Berment v. County of Erie

Matthew J. Jasen, J.

Defendant, County of Erie, moves pursuant to CPLR 3211 (subd. [a], (par. 8) to dismiss the complaint against it upon the grounds that the plaintiffs failed to serve the summons in this action in accordance with CPLR 311 (subd. 4), and within the time as required by section 50-i of the General Municipal Law.

The accident purportedly giving rise to this cause of action arose on September 26,1965.

Plaintiffs contend that “ during the first week of July 1966,” service of a summons and complaint in this action was made upon “ a secretary of the County Attorney’s office.”

No answer was interposed by the county and during October and November, 1966, plaintiffs’ attorney alleges he had his *367secretary telephone the office of the County Attorney on several occasions to make inquiries as to why an answer had not been served. Subsequently, plaintiffs ’ attorney states that he *1 had a conversation with Attorney Fred Buscaglia of the County Attorney’s Office, who informed him that he would check the matter.”

Thereafter, he was informed that the County Attorney’s file indicated that no service had been made upon the County Attorney. On January 9, 1967, the County Attorney received by registered mail a copy of the summons and complaint in this action.

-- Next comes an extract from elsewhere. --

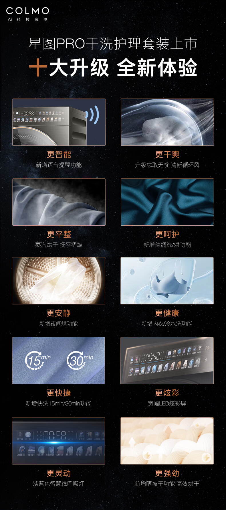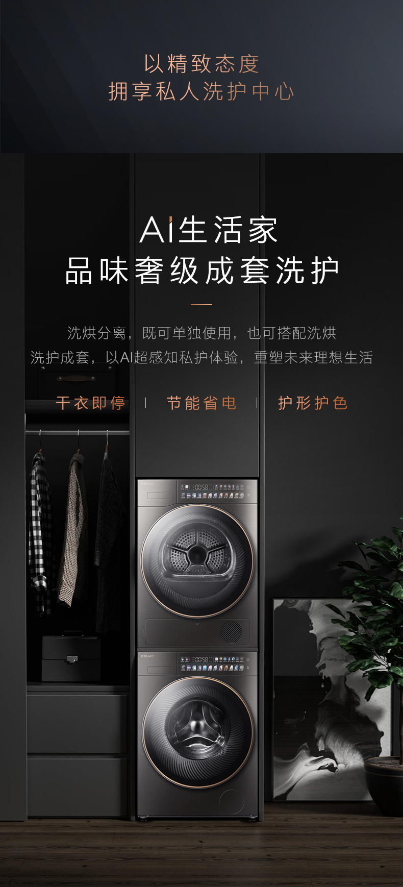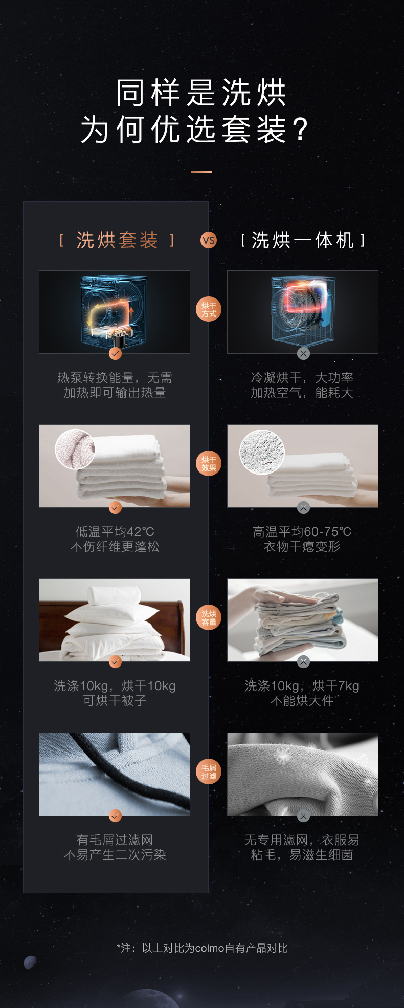 COLMO 全自动智能投放滚筒洗衣机变频热泵式烘干机 10KG洗烘套装家用 紫外线除菌 星图PRO CLGZ10D+CLHZ10D
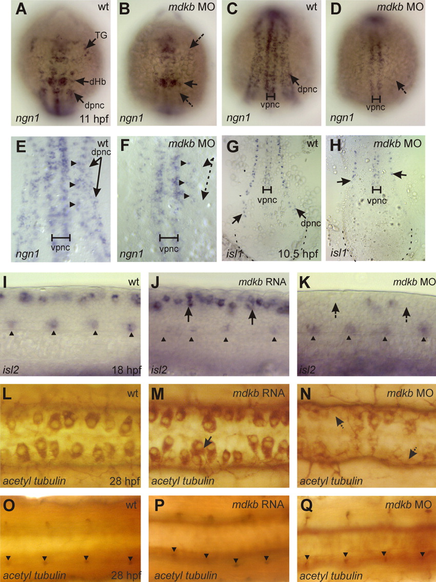 Fig. 6 mdkb regulates formation of sensory neurons. A-H: Dorsal views of trunk regions in noninjected (A,C,E,G) and mdkb Morpholino (MO) -injected embryos (B,D,F,H) at the one- to three-somite stage showing ngn1 (A-F) and isl1 (G,H) expression. Note that the embryo in H is slightly delayed due to MO injection. Dorsal proneural cells (dpnc) are reduced in injected embryos at mid-hindbrain (arrows in A,B) and trunk level (arrows in C-H), while number of ventral proneural cells (vpnc) is not affected. Note remaining interneurons (arrowheads), but absent sensory neurons (arrows) in mdkb morphants (in E,F). I-K: Lateral views of trunk regions in embryos at the 18-somite stage showing isl2 expression in ventrally located motor neurons (arrowheads) and dorsal sensory Rohon-Beard (RB) neurons (arrows). Embryos injected with 150 pg of mdkb RNA (J) show enhanced numbers of dorsal RB, while motor neurons are not affected. In contrast, RB are reduced in mdkb MO-injected embryos (K). L-Q: Dorsal views of embryos at 28 hours postfertilization (hpf) immunostained with an antibody against acetylated tubulin. L-N: Focal planes at the level of dorsal sensory neurons. O-Q: Focal planes of the same embryos at the level of ventral motor neurons. Note increased RB cell number in mdkb RNA injected embryos (arrow in M) and reduced RB cell number in mdkb MO-injected embryos (arrow in N), while number of motor neurons is not affected (arrowheads in M-O). DHb, dorsal hindbrain; TG, trigeminal ganglia; VMb, ventral midbrain.

Upon the facts and circumstances presented, this court must find that the alleged service of the summons and complaint on a secretary at the County Attorney’s office “ during the first week of July 1966,” was not served in the manner provided by statute.

CPLR 311 provides for the manner of service of a summons upon a county, as follows:

“ Personal service upon a * * * governmental subdivision shall be made by delivering the summons as follows: # # #
“ 4. upon a county, to the chairman or clerk of the board of supervisors, clerk, attorney, or treasurer ’ ’.

Here, concededly, the alleged service was not made personally upon the County Attorney or upon an acting or deputy County Attorney in his absence, but “on a secretary at the County Attorney’s Office.” Such a service was not in accordance with CPLR 311 (subd. 4), and therefore, the court acquires no jurisdiction over the defendant County of Erie.

Likewise, by reason of section 50-i of the General Municipal Law, the time within which to commence Maurice Berment’s derivative cause of action, as father and natural guardian of the two infant plaintiffs, Jane and Lorraine Berment, has expired.

However, section 50-i is not a bar to the infants’ causes of action (CPLR 208; Bernal v. Baptist Fresh Air Home Soc., 275 App. Div. 88, affd. 300 N. Y. 486).

Accordingly, the motion should be granted.